The goal of process isn’t to reduce the number of employees by taking work away from. That can happen in some cases, but most of the time the goal is to let employees do work that requires a human and let machines do the work that can be described in code. Automating has benefits beyond just saving time for employees, it’s a way of making it repeatable – something that often has a lot more value than the time saved.

Not all processes require code. Most do in our world, but there are plenty of times when a process is still required.Take annual reviews, or a homeowners association election for example. Both can benefit from a written series of steps so that everyone understands how it should be done and how to do it.

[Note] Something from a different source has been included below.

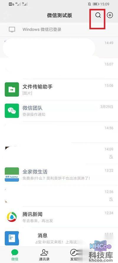 1、首先我们需要打开微信,在微信聊天界面点击上方的【放大镜图标】进入到搜索框;

I suspect you appreciate the power of identifying and solidifying patterns. So where does the pain arise? It’s got a few flavors:

  • Processes are rarely documented well. Businesses grow to rely on them and months or years later when something goes wrong it becomes archaeology to figure out why and how to fix them.
  • Builders of the processes either focus too heavily on edge cases, or not at all. Focus too much on exceptions and you take a 3 step job and turn it into an application. Focus too little on exceptions and you get a process that breaks easily and usually gets patches and re-patched every time it fails.
  • Every person has a different technique for automation. I just worked on one that involved an external hard drive, a Mac, two packages, multiple views, and a generated batch file that required manual edits. It works, and works well enough, it’s just not the way I would have done it!

Another part of the pain comes from dealing with changes or unplanned for exception past the initial build. When is ok to change the pattern? To decide that a pattern is more pain than productivity? How do you get consensus? How do you test the changes in a time effective manner?